Carrie Peterson, MD, MS, explains how physicians with the Froedtert & the Medical College of Wisconsin Colorectal Cancer Program successfully treat people with colorectal cancer using innovative surgeries, drugs and radiation therapy techniques.

Carrie Peterson, MD, MS

Q: What should people know about colorectal cancer?

Dr. Peterson: Get screened. With a colonoscopy, we can remove growths before they turn into cancer and biopsy suspicious growths for testing in one procedure. Stool tests are also effective in screening for cancer in many people.  

Q: Are younger people getting colorectal cancer?

Dr. Peterson: Yes, and accordingly, the age for a first screening has gone from 50 to 45. We think the younger onset age is an environmental factor, not a hereditary factor.

Q: Why is it important for people with colorectal cancer to see a colorectal cancer specialist?

Dr. Peterson: Treatments, especially for rectal cancer, have changed dramatically in the last three years. Our team sees a large number of patients and conducts clinical trials. We know the treatment nuances — especially for people with complicated medical histories and familial syndromes that increase the risk of developing colorectal cancers. Doctors who study and treat colorectal disease every day are more aware of the latest treatments. Our multidisciplinary approach means we meet every week — surgeons, radiation and medical oncologists and other specialists — to review a patient’s diagnosis and treatment plan. This focused expertise influences outcomes.

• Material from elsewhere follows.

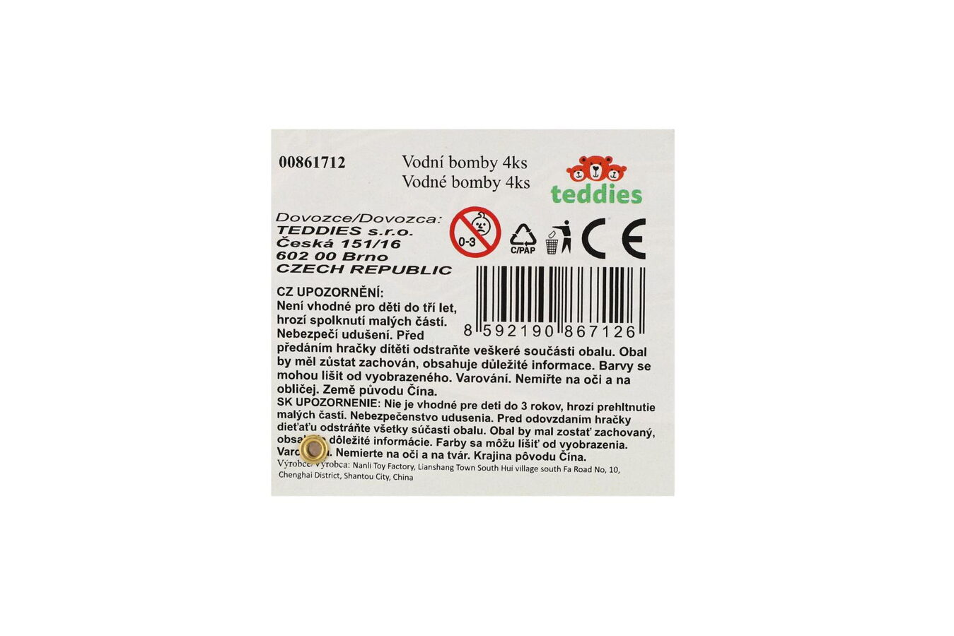 Vodní bomby potěší všechny děti i dospělé. Balonky stačí nechat nasáknout vodou a použít je jako bomby při letních bitkách na zahradě. Legraci si užije opravdu celá rodina od nejmenších až po ty největší. V letních dnech je však hlavní, že se i trochu zchladíte. Obsahuje 4 ks.

Q: Describe the latest advances in colorectal surgery.

Dr. Peterson: Minimally invasive procedures like laparoscopic and robotic surgery offer less blood loss, faster recovery and effectiveness equal to traditional surgery. Robotic surgery may help preserve pelvic nerves and sexual function. We also offer sphincter-preserving surgery for eligible patients. People worry about ending up with an ostomy — an opening in the belly to expel waste through a tube into a pouch. A patient may need an ostomy if anal muscle is involved with the tumor and muscle must be removed to get all the tumor out. In some situations, an ostomy may be temporary.

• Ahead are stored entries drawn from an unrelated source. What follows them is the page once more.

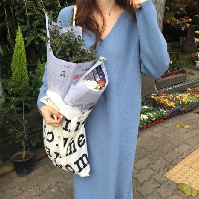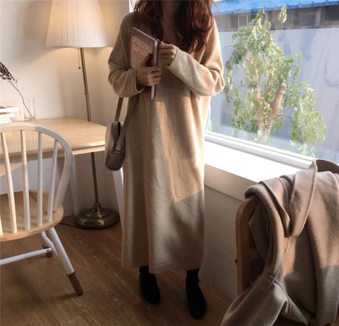 【送料無料】3色 ニットワンピース ロングワンピース Vネック 長袖 ルーズ ゆったり ゆる かわいい 大人可愛い きれいめ カジュアル おしゃれ お洒落 大人女子 こなれ感 ラブリー キュート ガーリー エレガント 主役級 存在感 フェミニン レディース 甘め 無地 秋 冬 10代 20代 30代 OL 学生 通学 デート お出かけ 女子会 休日 着回し 韓国 韓国系 オルチャン ファッション コーデ モテ トレンド 流行 体型カバー ワンサイズ ブルー アプリコット ブラウン db4178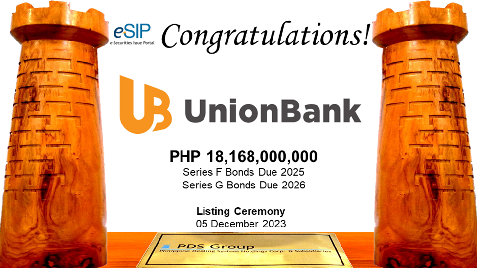 05 December 2023, Makati, Philippines — Union Bank of the Philippines lists its PHP 18.168 Billion 1.5 and 3-Year Fixed Rate Bonds on the Philippine Dealing & Exchange Corp. The bonds carry coupon rate of 6.5625% p.a. and 6.6800% p.a., respectively, to be paid quarterly. The bonds received strong demand from investors, allowing the bank to upsize the issuance to over nine times the initial minimum offer size of P2 billion for both tranches.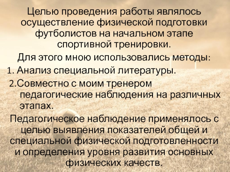 Целью проведения работы являлось осуществление физической подготовки футболистов на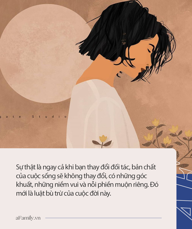 Sự thật là ngay cả khi bạn thay đổi đối tác, bản chất của cuộc sống sẽ không thay đổi, có những góc khuất, những niềm vui và nỗi phiền muộn riêng. Đó mới là luật bù trừ của cuộc đời này.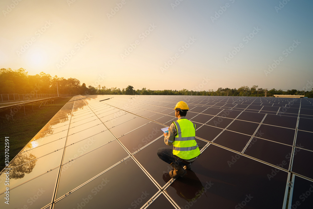 Portrait of engineer man or worker, people, with solar panels or solar cells on the roof in farm. Power plant with green field, renewable energy source in Thailand. Eco technology for electric power.

Q: Does everyone need surgery?

Dr. Peterson: No. In 30% to 60% of patients with rectal cancer, the tumor could go away with initial treatment, and we may take a watch-and-wait approach instead of surgery. Because there is a chance the tumor will return, we monitor carefully with scope procedures and imaging so treatment can start promptly, if needed. With colon cancer, due to a lower risk of recurrence, surgery is the first step and sometimes the only treatment needed.

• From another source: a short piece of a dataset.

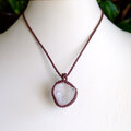 形状が個性的でパワフルな水晶原石が引き立つように、シックな色合いのコードでシンプルに丁寧に編み込んで印象的で魅力あふれるマクラメ編みペンダントに仕上げました。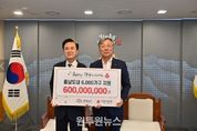 (원투원뉴스) 충남도는 24일 충남사회복지공동모금회로부터 추석 명절 이웃돕기 성금 6억원을 전달받았다고 밝혔다. 이날 도청 접견실에서 열린 배분금 전달식에서 성우종 충남사회복지공동모금회장은 “도내 어려운 이웃들이 따뜻한 명절을 보낼 수 있도록 써 달라”며 김태흠 지사에게 성금을 전달했다. 도는 배분금을 각 시군을 통해 기초수급자 등 취약계층 6000가구에 추석 명절 지원금으로 전달할 계획이다. 김 지사는 “추석 명절을 맞아 나눔을 실천한 충남사회복지공동모금회에 다시 한 번 감사하다”며 “도민 모두가 풍성한 한가위를 보낼 수 있도록 꼭 필요한 곳에 소중히 전달하겠다”고 말했다.

Q: How about immune therapies?

Dr. Peterson: Immunotherapy is a promising treatment for some people, but you must have a certain gene mutation to be eligible. We test everyone diagnosed with colorectal cancer for mutations.

Q: Are there more targeted ways of addressing radiation therapy?

Dr. Peterson: We are one of only a few centers to offer the Unity MR-linac, which combines MRI with a linear accelerator. It's highly precise, allowing us to adjust the radiation dose to the tumor's exact position and size during each session.

Q: What about clinical trials?

Dr. Peterson: When tumor cells die, they release bits of DNA into the bloodstream. We have several trials, including one exploring a blood test for circulating tumor DNA to tell us if a tumor is gone after treatment.

Q: Are there options for late-stage, inoperable or metastatic disease?

Dr. Peterson: Even if the tumor has spread to the liver or the lungs, we can sometimes remove it with surgery. If we can’t, treatments like chemotherapy or targeted drug therapy are options.